Jamaica & the IMF
According to a 2009 Bank of Jamaica Quarterly Policy Report:
“The fundamental mission of the International Monetary Fund (IMF) is to help ensure stability in the international monetary system. It does so by keeping track of the global economy and the economies of member countries and providing financing and policy support to countries experiencing balance of payments (BOP) difficulties with the aim of remedying underlying problems. IMF financing provides a cushion that eases the adjustment policies and reforms that a country must make to correct its BOP problem and restore conditions for economic growth. The loan period can range from as short as three months to as long as 3 years, depending on the loan arrangement.

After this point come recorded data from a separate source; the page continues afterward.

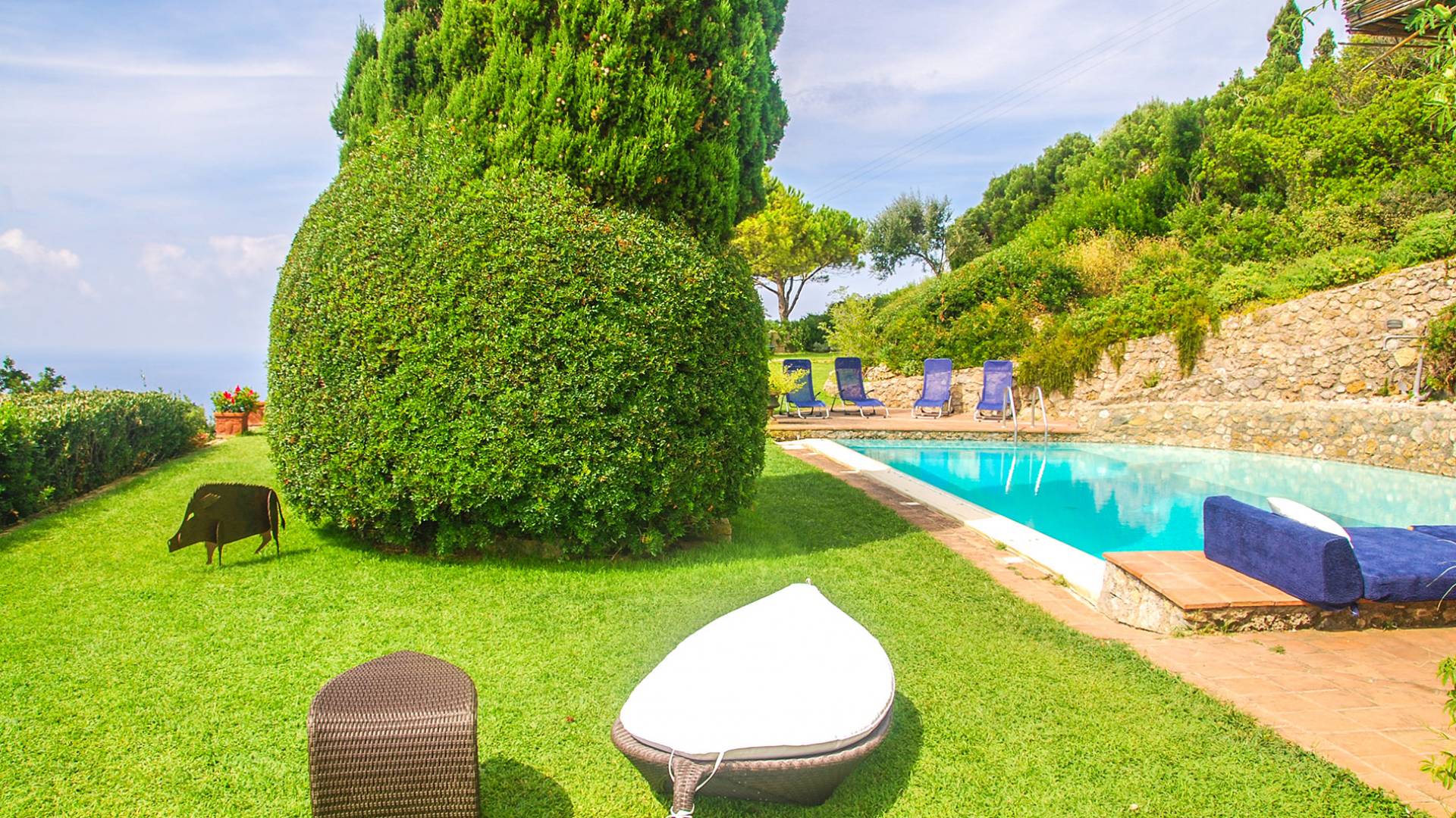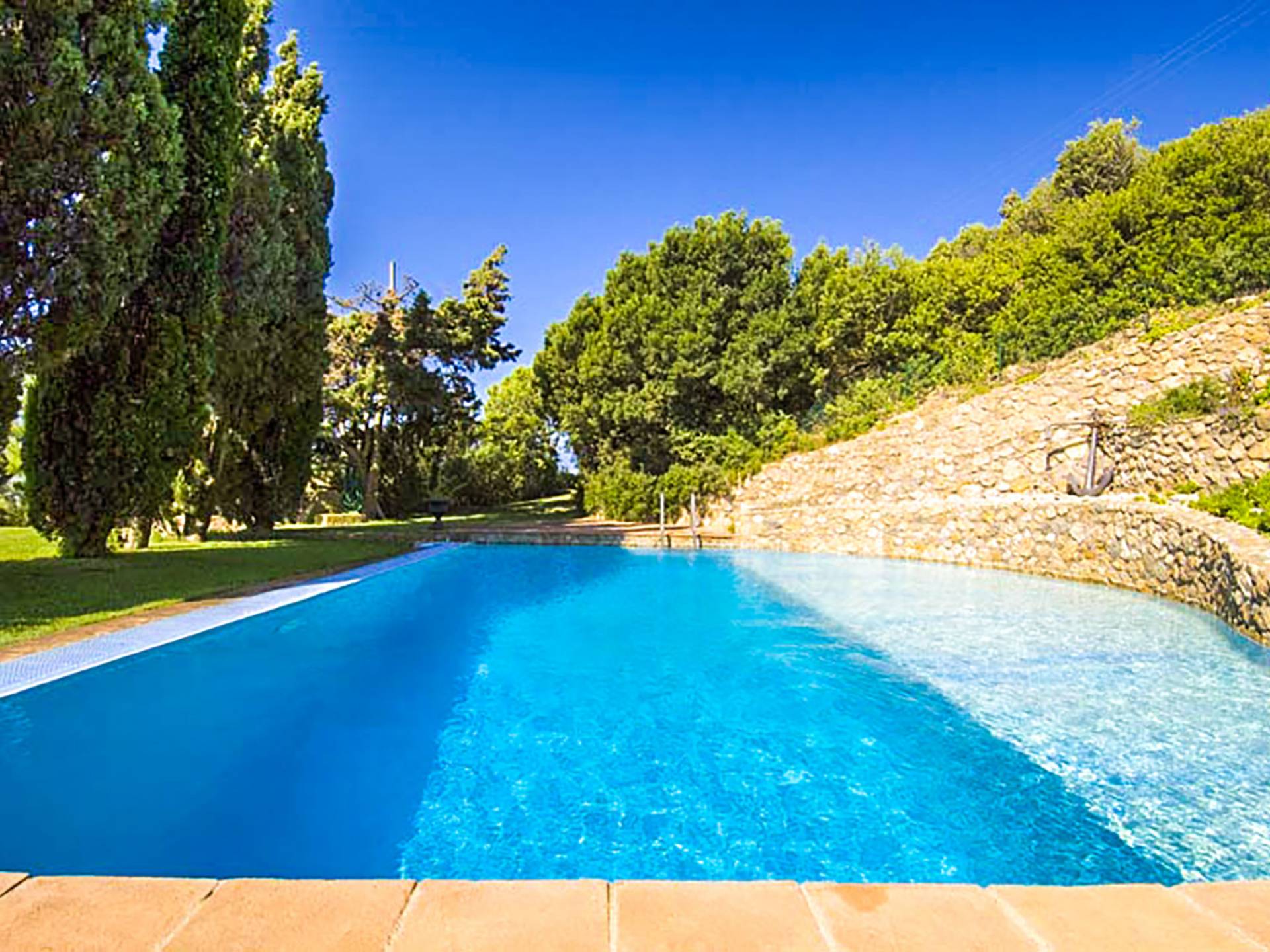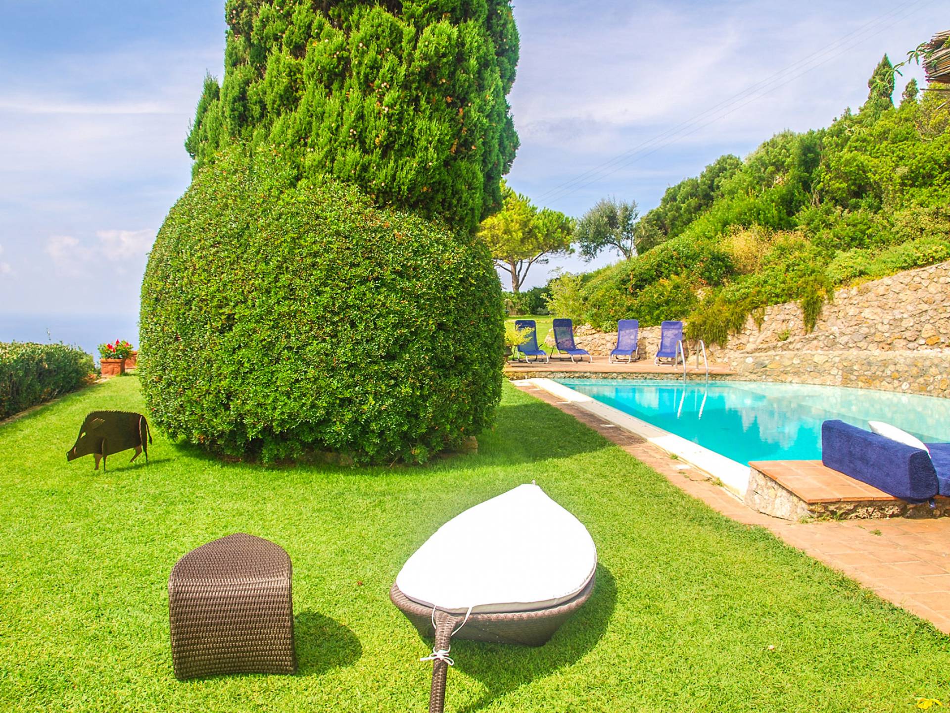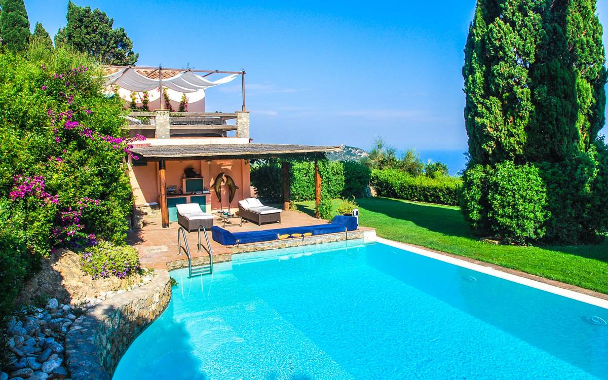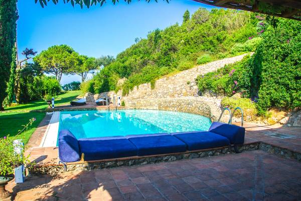 Many reasons have urged travellers to visit this splendid resort during the course of time: the crystal clear sea, of course, the toxic scent of the Mediterranean maquis and the quiet snobbery of this location off the beaten path. However, it is the overall bohemian, chic atmosphere that still today leads discerning travellers, painters, poets and artists to this very place. The villa accommodates up to ten adults and two children in six double bedrooms and five bathrooms, although is at its best when used for ten. It is set in six hectares of extensive lawns and enjoys panoramic views of the Mediterranean, with the islands of Giannutri and Giglio in the distance and of the romantic, wild and rugged coastline.
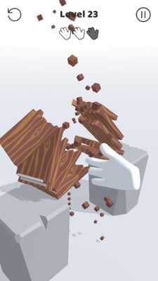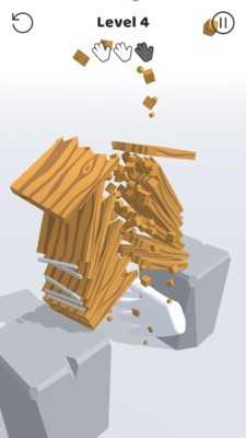 1、极简画风与刺激反馈:采用简单明快的画风,聚焦劈柴核心体验,空手劈下时,木头飞溅的粒子效果与碎裂音效同步触发,视觉与听觉双重刺激叠加,强化操作的爽快感。
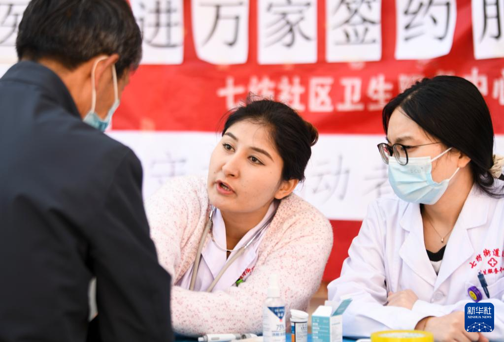 4月27日,来自乌鲁木齐市水磨沟区七纺街道北山社区新时代文明实践站的志愿服务队为居民义诊。

Jamaica’s Experience With The IMF
“Jamaica became a member of the IMF on 21 February 1963. In June 1963, the country entered into a one-year Stand-By Arrangement (SBA) with the Fund, which permitted drawings up to a limit of SDR 10 million. However, the Arrangement expired in June 1964, unutilized. It was not until June 1973 that the country returned to borrow from the IMF and continued various arrangements until 1996, when it terminated its borrowing arrangement. Jamaica however, remained a member of the IMF and in 2001, agreed on an Intensified Surveillance Program (ISP) – a Staff Monitored Program – with the Fund.
Jamaica’s borrowing arrangements with the Fund between 1973 and 1996 were largely aimed at correcting balance of payments problems arising from negative economic and financial trends including commodity price shocks (in particular oil), and high inflation. Whereas loans from the IMF are not available to the Government for project spending or on-lending, it was anticipated that borrowing from the IMF would create a platform for investment inflows which would lead to economic growth and development.”